De qualquer modo, para prevenir qualquer “incursão de delinquentes”, Gervasio Mamani e a junta de vizinhos que ele lidera instalaram barricadas sobre estrada para La Paz, que fica a cerca de 100 quilômetros.

“Estamos cumprindo a vigília para que não nos ataquem”, diz Mamani, que também é aimara. “Não estamos defendendo um partido político, ou outro”, afirma, recebendo a aprovação de cerca de 20 vizinhos que o acompanham no bloqueio.

Um outro Mamani, um dos sobrenomes mais comuns entre os Aimara, José, um comerciante de 43 anos, toma partido. Com um boné na cabeça para se proteger do sol, prepara em família um “ají de galinha” – prato tradicional que combina arroz e frango com especiarias.

José concorda com Amílcar: graças a Morales, “todos os indígenas e camponeses recuperaram a dignidade”, e enumera as obras do governo de Morales em seu povoado.

“Graças a ele, temos uma escola grande, um terminal terrestre e esgoto, que não tínhamos antes”, aponta.

Se Morales voltar do México, diz José, “a gente vai sair às ruas” para apoiá-lo. “Não somente eu, mas muita gente”, acrescenta.

– Quechua, aimara, guarani –

Em mais de 13 anos de Presidência, Morales aprovou leis como a “lei antirracismo contra toda forma de discriminação”, explica a cientista política María Teresa Zegada, da Universidade Maior de San Simón de Cochabamba.

“Houve uma apropriação muito forte de setores indígenas e camponeses do processo liderado por Evo Morales”, diz.

A Constituição de 2009 tentou reparar séculos de injustiça, dando maior protagonismo aos indígenas: reconhecimento de 36 línguas oficiais (entre as quais se incluem o quechua, o aimara e o guarani), reconhecimento da Justiça indígena com seus próprios procedimentos e costumes, ao mesmo nível da Justiça comum e a educação multicultural.


Durante seu governo, a pobreza baixou de 45%, em 2010, para 34,6%, em 2018, segundo dados no Banco Mundial. Seus críticos reclamam, porém, do papel do Estado na economia.

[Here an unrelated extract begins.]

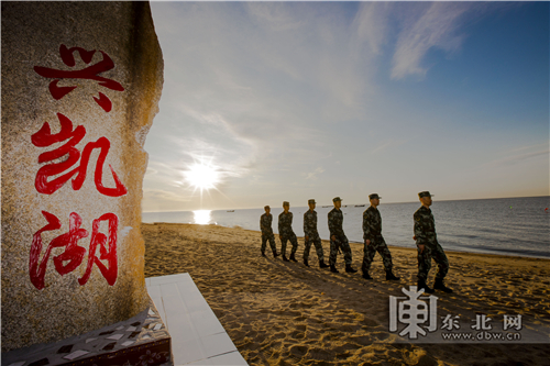 邊防官兵在興凱湖邊巡邏。 周毓亮 攝

Uma parte dos bolivianos não perdoa Morales por ele ter buscado um quarto mandato, após a consulta popular de 2016 ter-lhe negado o aval para renovar seu mandato por tempo indeterminado.

Os que as urnas lhe negaram foi possibilitado, contudo, pela corte constitucional. Em uma polêmica decisão, o tribunal lhe permitiu continuar a concorrer.

A vitória no primeiro turno das eleições presidenciais de 20 de outubro, em que derrotou o centrista Carlos Mesa, foi questionada pela oposição e derivou em três semanas de protestos em vários pontos do país.

Depois de perder o apoio das Forças Armadas, Morales renunciou no domingo passado, uma saída que motivou novas e violentas manifestações de seus partidários, e a amargura de Amílcar.

“Tão bom presidente que tivemos na Bolívia, não soubemos valorizá-lo”, desabafou.